As a correspondent from a mid-sized daily, in other words, Skelly was obsolete, as quaintly useless as a typewriter in a roomful of laptops, dispensing information that would be stale hours before it ever saw print. He knew as well that this initial rush of enthusiasm and insight would subside, overwhelmed by repeated exposure and his own limitations. Try as he might, his prose would never be supple enough to stretch to the heart of the matter.
So he would have to settle for the usual rewards, not that those were insignificant. In the weeks to come, Skelly knew, he would enter realms of old codes and unbreakable taboos. His hosts would be men wondering one minute how they might cut his throat while in the next they’d offer tea and refreshment, breaking bread pulled from a smoking ceramic hole in the ground, just as they would have done it five hundred years earlier.
Yes, he was back in the Third World, all right, with its taste upon his tongue and the stench high in his nostrils. And now, standing in a cobbled alley of a Peshawar bazaar, he was doing what so many Third World people do, at least in Pakistan. He was punching in numbers on a cell phone. He wanted to reach Najeeb, but on this block, at least, the signal was too weak, so they kept walking, Babar still nervously prattling on about his cousin.
When they reached the top of a rise, Skelly tried again. Glancing back toward the demonstration, he saw that the mob was receding, a storm tide heading meekly back to sea. Utterly ridiculous that it had ever been such a close call. But it would be something to tell Janine tonight on the phone. She was the latest of his wives.
Three of them.
The number still a marvel to him, as if he were a Hollywood playboy. Sometimes he mused that if he lived in one of the Persian Gulf States he’d still have all of them, each living on her own floor in a house that would have grown higher with every marriage. Might as well do it that way, at the rate he was paying the first two. And Janine was already in a pout over this trip. The thought of their late-arriving son, Brian, was like a stab of guilt in Skelly’s chest, not so much because he missed the boy (after four previous children he’d experienced quite enough of the routines of infancy) but because in Brian he recognized yet another face that would grow disaffected and bored with him, no more interested in Skelly’s strange experiences than he would be in the tax code. Brian, like his predecessors, would grow up affixed to MTV and the Internet, saying “like” and “you know” and doing kick flips on a skate-board before he was old enough to wear a helmet. The Nation of Offspring remained the one country Skelly was reluctant to enter, and he now feared he’d waited too late to request a visa.
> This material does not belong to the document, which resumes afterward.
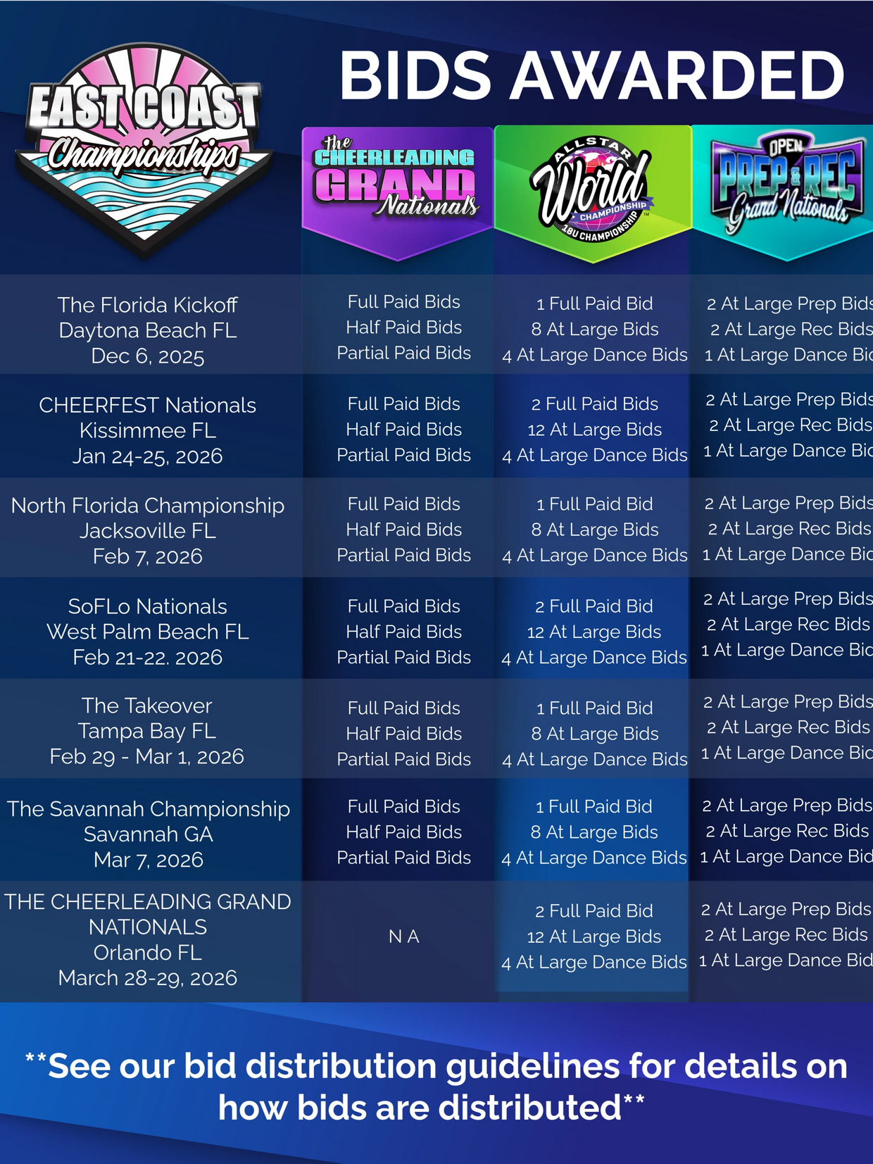 - FULL PAID, HALF PAID & PARTIAL PAID BIDS TO THE CHEERLEADING GRAND NATIONALS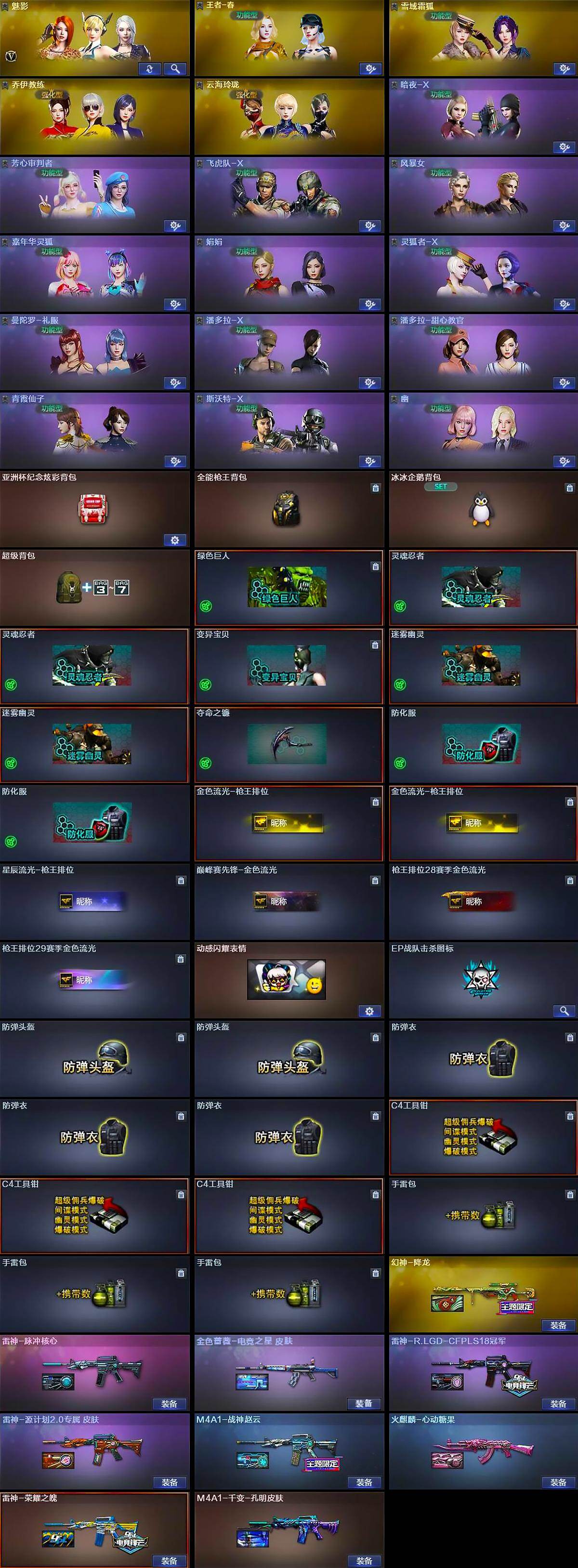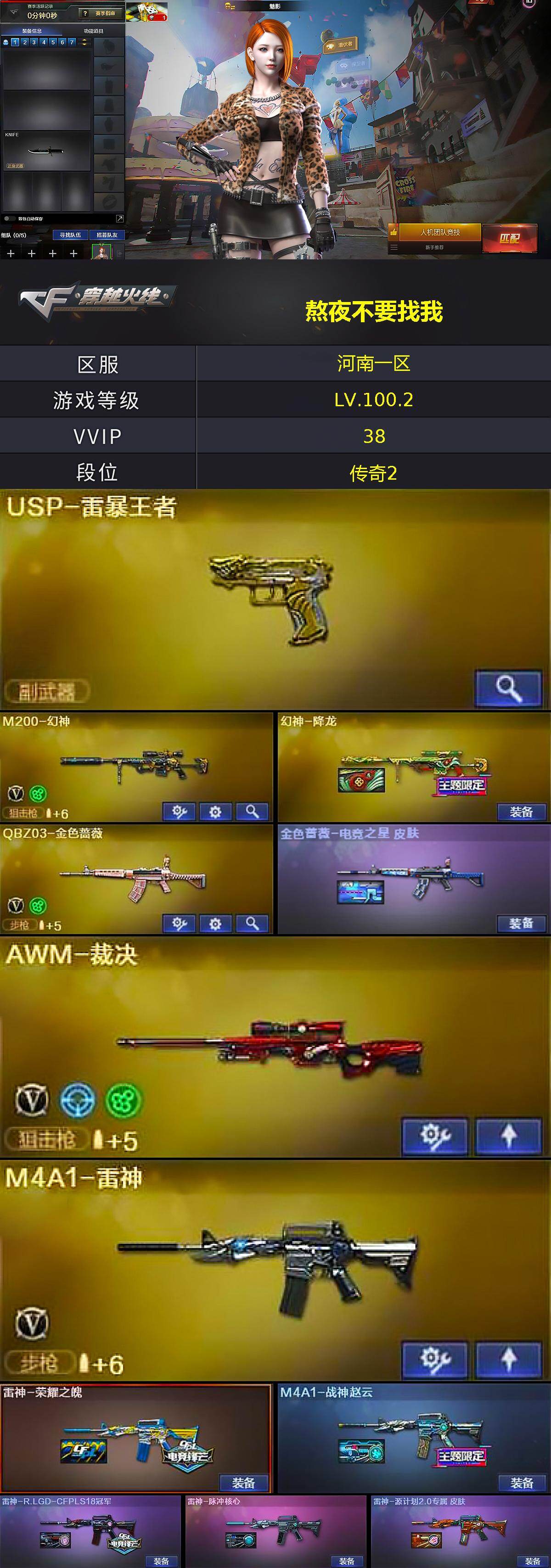 河南一区-40v-4王者武器数-0炫金武器数 【热门武器】:q03-金色蔷薇,m200-幻神,死亡之眼,毁灭-孙三炮 【王者炫金武器】:usp-雷暴王者 【皮肤】:幻神-降龙,金色蔷薇-电竞之星 皮肤,雷神-荣耀之魄,m4a1-战神赵云,雷神-r.lgd-cfpls18冠军,雷神-脉冲核心,雷神-源计划2.0专属 皮肤,火麒麟-心动糖果,m4a1-千变-孔明皮肤 【角色】:魅影,王者春,雪

Enough of these thoughts of home. The jet lag must be getting to him. Pay this fellow Babar a crisp fifty, plus a tip for the equally useless cousin. Then grab a cab back to the hotel, and with any luck his fixer problems would soon be solved. But first he’d try the number again.
He punched it. Waited. Finally it began to ring.
This fellow Najeeb had better be good.
CHAPTER THREE
Regional Briefs
By Najeeb Azam
TWO KILLED:
Two women were killed in a clash between factions of the Hafizi tribe at a village near Khairpur yesterday. The warring groups resorted to free use of clubs and axes. The dead were identified as Ms. Akhtar and Ms. Jatoi. Five unidentified were taken to hospital. According to reports, an old enmity existed between the groups over the theft of a cow last year, a dispute that has claimed several lives. Last Wednesday several armed men from one group attacked a rival village with grenade launchers. Police rushed to the fighting today and controlled the situation, but both groups are said to have taken up positions in the area.
WEDDING MURDER:
A man shot his daughter dead on her wedding day in the village of Karwanzai in the Mohmand Tribal Agency yesterday. According to police, Shahid Khan, whose daughter was to marry his daughter-in-law’s brother, was unhappy with the
wata-sata
arrangement, whereby a brother and sister of one family marry the sister and brother of another. Shahid visited his daughter, Sakeena, on the morning of the wedding, then shot her in the chest and fled. She was rushed to hospital, where she succumbed to her injuries.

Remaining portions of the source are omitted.